** Directions for this task **
In the entries below, begin at the line that has "Estacionamiento privado con" and stop after the line that has "Floral and fiery"; output those lines exactly, leaving out pictures.

** Records supplied **
━━━━━━━━━━━━━━━━
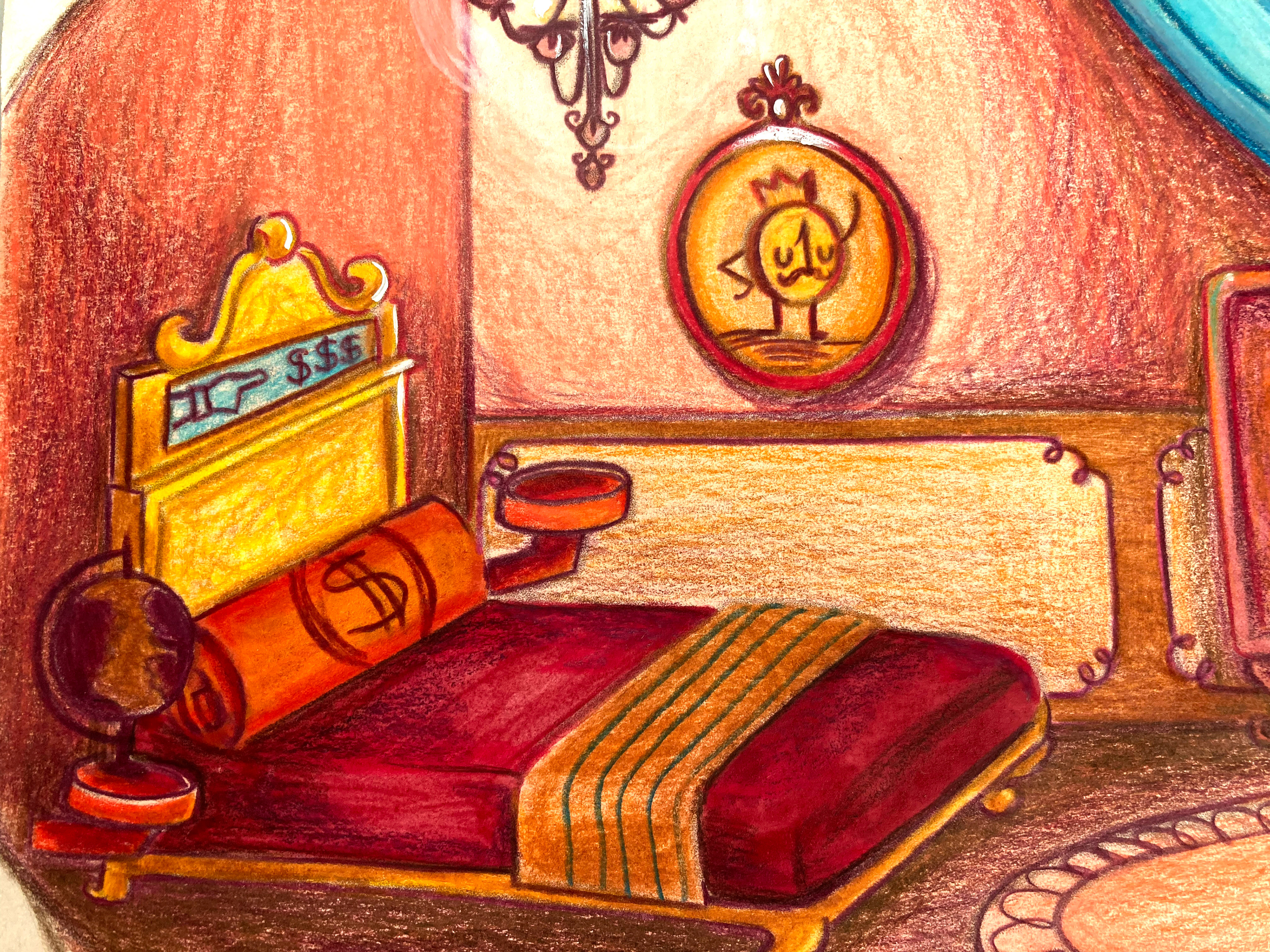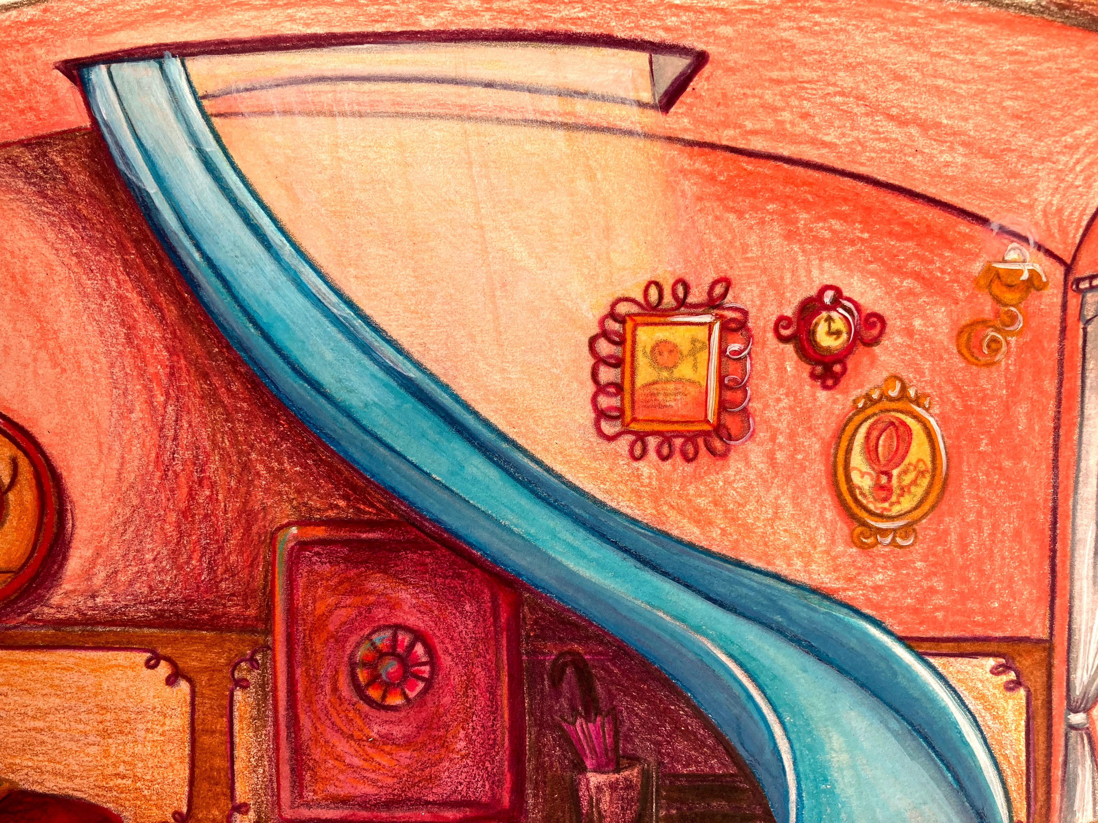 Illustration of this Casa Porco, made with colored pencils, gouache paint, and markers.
━━━━━━━━━━━━━━━━
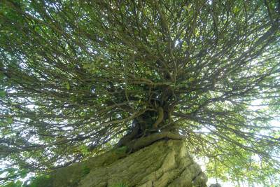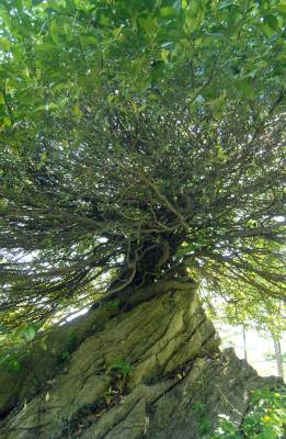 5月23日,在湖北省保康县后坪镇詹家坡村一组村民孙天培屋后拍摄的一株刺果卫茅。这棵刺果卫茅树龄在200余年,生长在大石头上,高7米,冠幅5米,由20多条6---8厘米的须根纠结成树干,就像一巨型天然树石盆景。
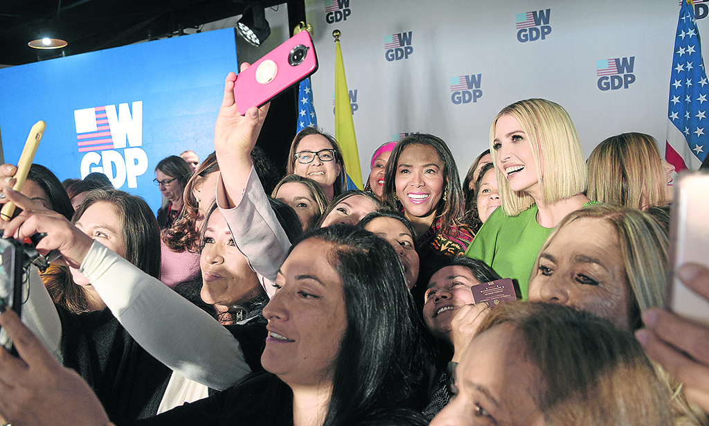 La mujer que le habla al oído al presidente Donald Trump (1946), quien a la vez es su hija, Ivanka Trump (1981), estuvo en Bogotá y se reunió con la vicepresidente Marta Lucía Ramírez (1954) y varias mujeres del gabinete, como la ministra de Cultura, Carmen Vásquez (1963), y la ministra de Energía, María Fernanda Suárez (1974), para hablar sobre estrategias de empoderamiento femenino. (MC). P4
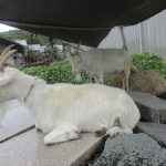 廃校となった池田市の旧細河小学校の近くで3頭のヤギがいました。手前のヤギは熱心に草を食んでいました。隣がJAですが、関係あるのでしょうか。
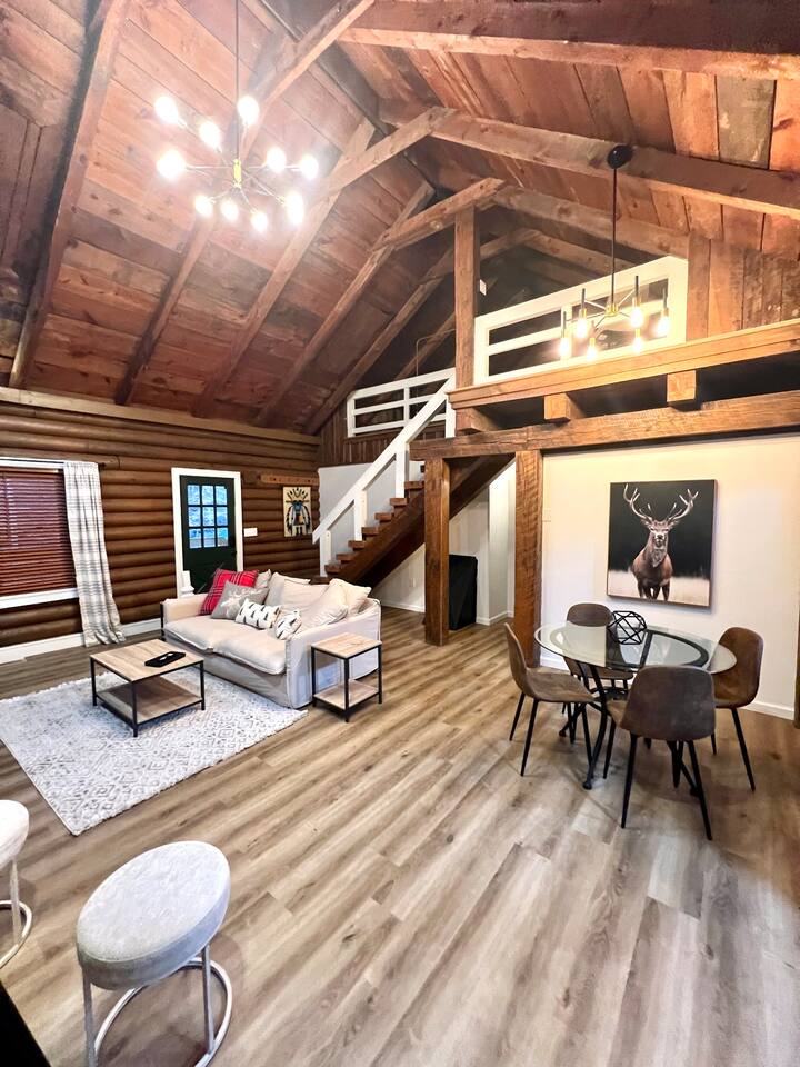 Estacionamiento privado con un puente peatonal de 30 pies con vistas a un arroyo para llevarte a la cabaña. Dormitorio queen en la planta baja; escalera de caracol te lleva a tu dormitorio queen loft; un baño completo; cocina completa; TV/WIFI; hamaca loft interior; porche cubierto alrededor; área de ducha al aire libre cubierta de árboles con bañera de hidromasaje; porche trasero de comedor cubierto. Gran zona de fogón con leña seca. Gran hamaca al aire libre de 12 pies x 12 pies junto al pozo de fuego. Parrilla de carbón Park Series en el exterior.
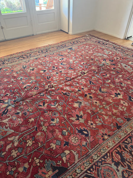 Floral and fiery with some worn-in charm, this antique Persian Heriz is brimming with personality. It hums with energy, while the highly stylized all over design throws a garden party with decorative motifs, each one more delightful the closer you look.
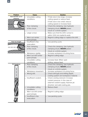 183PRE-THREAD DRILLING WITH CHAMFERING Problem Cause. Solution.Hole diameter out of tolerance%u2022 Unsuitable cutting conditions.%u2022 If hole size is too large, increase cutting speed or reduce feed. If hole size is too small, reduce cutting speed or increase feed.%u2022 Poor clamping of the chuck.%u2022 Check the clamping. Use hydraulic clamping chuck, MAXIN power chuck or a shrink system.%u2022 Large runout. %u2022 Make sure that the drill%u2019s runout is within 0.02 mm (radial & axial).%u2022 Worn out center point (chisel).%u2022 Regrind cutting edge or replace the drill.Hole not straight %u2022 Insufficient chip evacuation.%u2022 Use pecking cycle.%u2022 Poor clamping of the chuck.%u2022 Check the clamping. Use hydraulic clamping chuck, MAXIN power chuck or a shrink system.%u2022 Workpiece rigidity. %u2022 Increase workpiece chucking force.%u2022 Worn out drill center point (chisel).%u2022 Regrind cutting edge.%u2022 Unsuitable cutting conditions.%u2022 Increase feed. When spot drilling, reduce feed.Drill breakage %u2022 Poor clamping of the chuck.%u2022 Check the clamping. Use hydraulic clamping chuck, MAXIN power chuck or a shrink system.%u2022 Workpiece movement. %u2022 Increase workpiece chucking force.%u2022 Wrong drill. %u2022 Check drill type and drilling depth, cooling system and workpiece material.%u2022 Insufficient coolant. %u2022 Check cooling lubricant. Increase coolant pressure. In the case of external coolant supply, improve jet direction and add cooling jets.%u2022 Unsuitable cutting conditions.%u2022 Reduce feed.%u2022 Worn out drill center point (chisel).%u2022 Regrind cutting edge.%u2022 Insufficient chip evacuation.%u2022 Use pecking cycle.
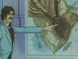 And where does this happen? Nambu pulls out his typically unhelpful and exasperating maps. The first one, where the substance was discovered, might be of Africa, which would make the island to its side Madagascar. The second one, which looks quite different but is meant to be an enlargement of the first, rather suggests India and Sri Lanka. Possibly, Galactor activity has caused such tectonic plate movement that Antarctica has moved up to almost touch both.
━━━━━━━━━━━━━━━━
** Task solution **
 Estacionamiento privado con un puente peatonal de 30 pies con vistas a un arroyo para llevarte a la cabaña. Dormitorio queen en la planta baja; escalera de caracol te lleva a tu dormitorio queen loft; un baño completo; cocina completa; TV/WIFI; hamaca loft interior; porche cubierto alrededor; área de ducha al aire libre cubierta de árboles con bañera de hidromasaje; porche trasero de comedor cubierto. Gran zona de fogón con leña seca. Gran hamaca al aire libre de 12 pies x 12 pies junto al pozo de fuego. Parrilla de carbón Park Series en el exterior.
 Floral and fiery with some worn-in charm, this antique Persian Heriz is brimming with personality. It hums with energy, while the highly stylized all over design throws a garden party with decorative motifs, each one more delightful the closer you look.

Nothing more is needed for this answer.